Он передохнул. Предводитель сказал:

– Вы все больше удивляете меня, магистр. Вот вы говорите о своей жизни, а речь идет сплошь о частных, субъективных впечатлениях, личных желаниях, личных эволюциях и решениях! Право, не думал, чтобы касталиец вашего ранга мог видеть себя и свою жизнь так.
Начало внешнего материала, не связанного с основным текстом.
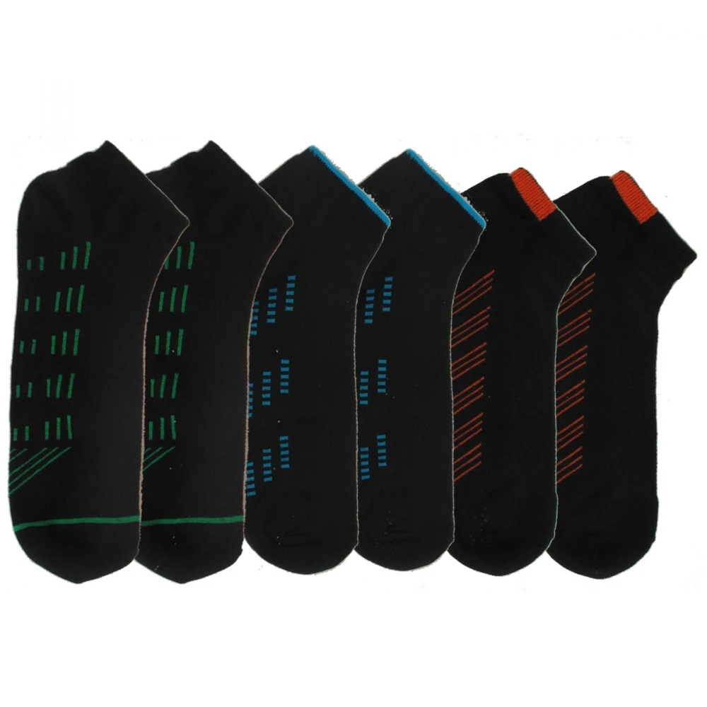 Chaussettes Courtes Homme Motifs Lot de 6 paires avec maille piquée sur pied. 3 lots disponibles: Lot 1 fond blanc avec motifs rouge/noir/bleu + Lot 2 blanc/noir, noir/gris, gris/noir + Lot 3 fond noir avec motifs vert/turquoise/rouge. Disponible en taille 40/46. Composition: 61% coton, 31% polyester, 6% polyamide, 2% elasthanne. Lavable en machine à 30°C.

В его голосе звучали не то упрек, не то грусть, и Кнехта это огорчило; однако он собрался с мыслями и бодро воскликнул:

– Но мы же, досточтимый, говорим сейчас не о Касталии, не об администрации, не об иерархии, а только обо мне, о психологии человека, причинившего вам, к сожалению, большие неприятности. О том, как я нес свою службу, как исполнял свои обязанности, о достоинствах или недостатках, которыми я как касталиец и магистр обладал, мне говорить не к лицу. Моя служба, как вся внешняя сторона моей жизни, у вас на виду и поддается проверке, придраться вы сможете мало к чему. Речь идет ведь о чем-то совсем другом, о том, чтобы показать вам путь, которым я шел как индивидуум, путь, который вывел меня из Вальдцеля и завтра выведет из Касталии. Послушайте меня еще немного, будьте добры!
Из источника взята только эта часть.